'''
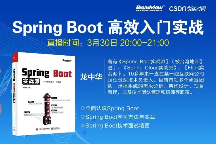 为了方便读者们学习Spring Boot,CSDN最新一期线上分享邀请到龙中华老师为大家直播分享“Spring Boot高效入门实战”,欢迎大家关注学习。
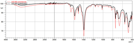 FT-IR/ATR spectrum of the obtained UiO-66(Zr). Comparison of spectra of synthesized and commercial MOFs.
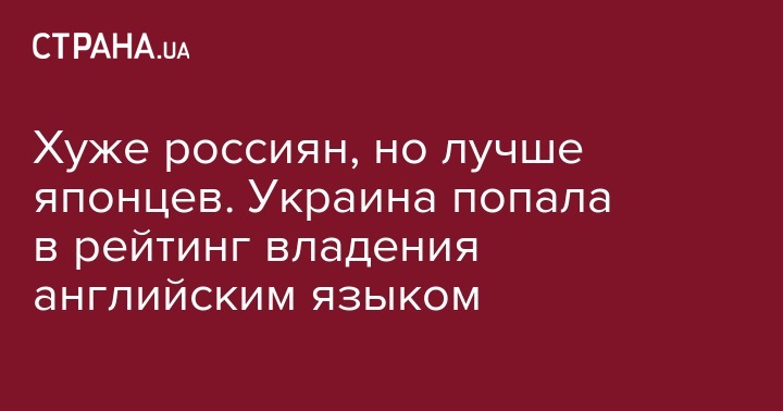 Согласно рейтингу, уровень владения английским языком у взрослого населения в Украине ниже среднего мирового уровня. Все соседние страны, кроме Молдовы (ее нет в исследовании), находятся выше по рейтингу. Польша - 11, Венгрия - 15, Румыния - 16, Словакия - 25, Беларусь - 47, Россия - 48. К слову, Япония оказалась лишь на 53 месте.
'''
EXERCISE DESCRIPTION | Output only the lines from the line that contains "FT-IR/ATR spectrum of" through the end of the material, both ends included, and skip every picture.

FINISHED TASK |
 FT-IR/ATR spectrum of the obtained UiO-66(Zr). Comparison of spectra of synthesized and commercial MOFs.
 Согласно рейтингу, уровень владения английским языком у взрослого населения в Украине ниже среднего мирового уровня. Все соседние страны, кроме Молдовы (ее нет в исследовании), находятся выше по рейтингу. Польша - 11, Венгрия - 15, Румыния - 16, Словакия - 25, Беларусь - 47, Россия - 48. К слову, Япония оказалась лишь на 53 месте.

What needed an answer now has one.